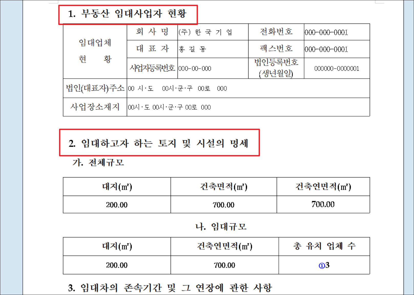 여러 상가나 주택을 보유하고, 이를 통해 임대 수익을 얻는 경우에도 사업계획서가 필요한데요. 이러한 경우에도 임대업체 현황, 대표자 또는 법인 주소, 사업장 소재지, 임대하고자 하는 토지 및 시설의 명세 부분을 기재하면 됩니다.
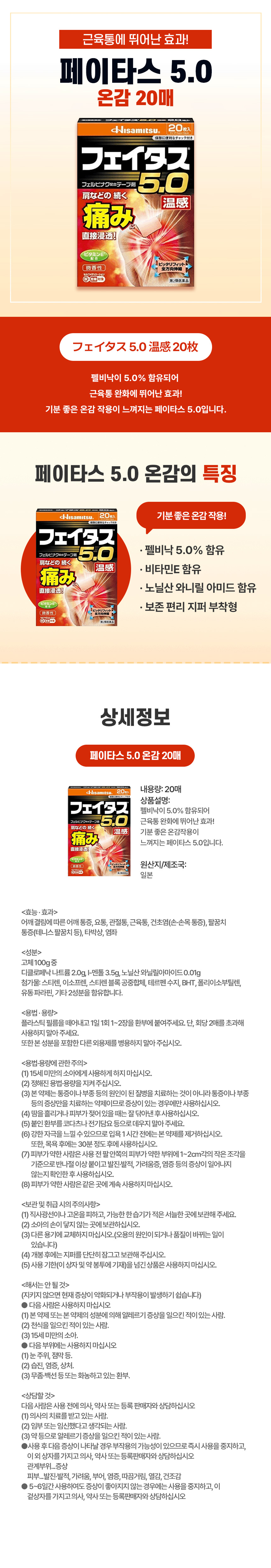 근육통·관절통 따뜻하게, 일본 직구 페이타스 5.0 온감
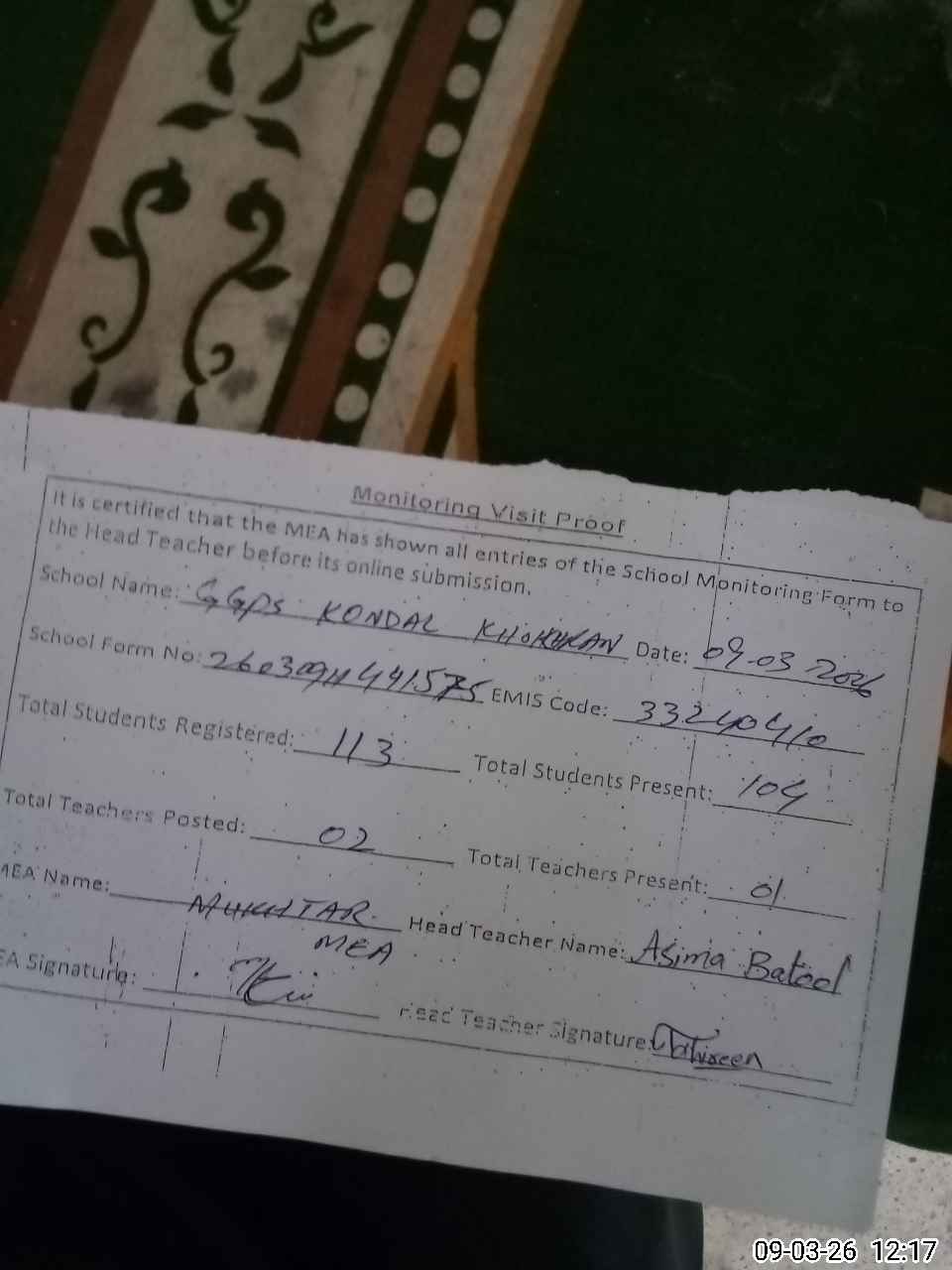| Attendance Register | Head Teacher | MEA with School | Visit Proof |
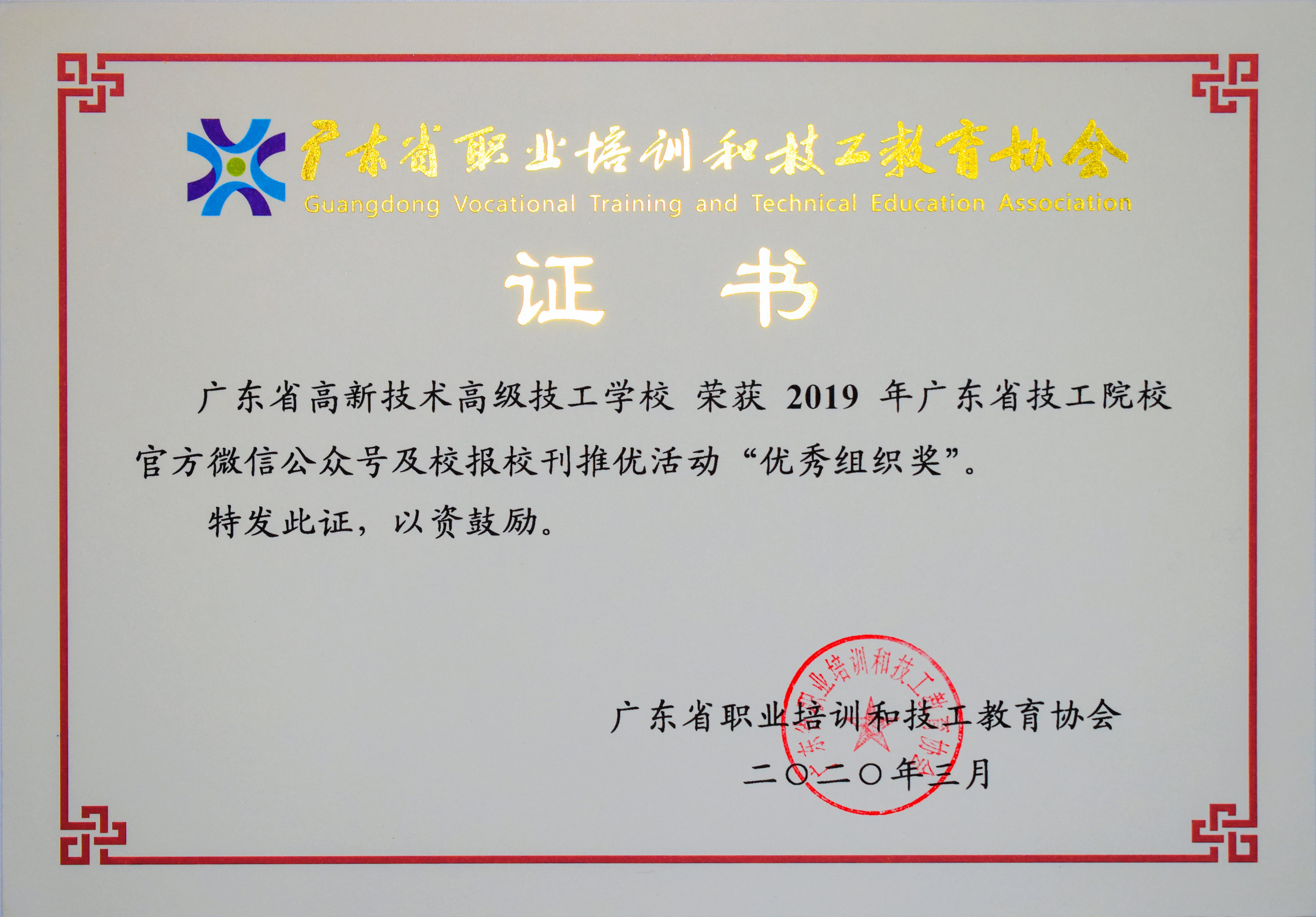 2020年3月:我校榮獲“2019年廣東省技工院校微信公眾號及校報校刊評選”優秀組織獎

* * * *

**EXERCISE DETAILS**
Copy the full listing above exactly, apart from the pictures.

**RESULT OF THE TASK**
 여러 상가나 주택을 보유하고, 이를 통해 임대 수익을 얻는 경우에도 사업계획서가 필요한데요. 이러한 경우에도 임대업체 현황, 대표자 또는 법인 주소, 사업장 소재지, 임대하고자 하는 토지 및 시설의 명세 부분을 기재하면 됩니다.
 근육통·관절통 따뜻하게, 일본 직구 페이타스 5.0 온감
| Attendance Register | Head Teacher | MEA with School | Visit Proof |
 2020年3月:我校榮獲“2019年廣東省技工院校微信公眾號及校報校刊評選”優秀組織獎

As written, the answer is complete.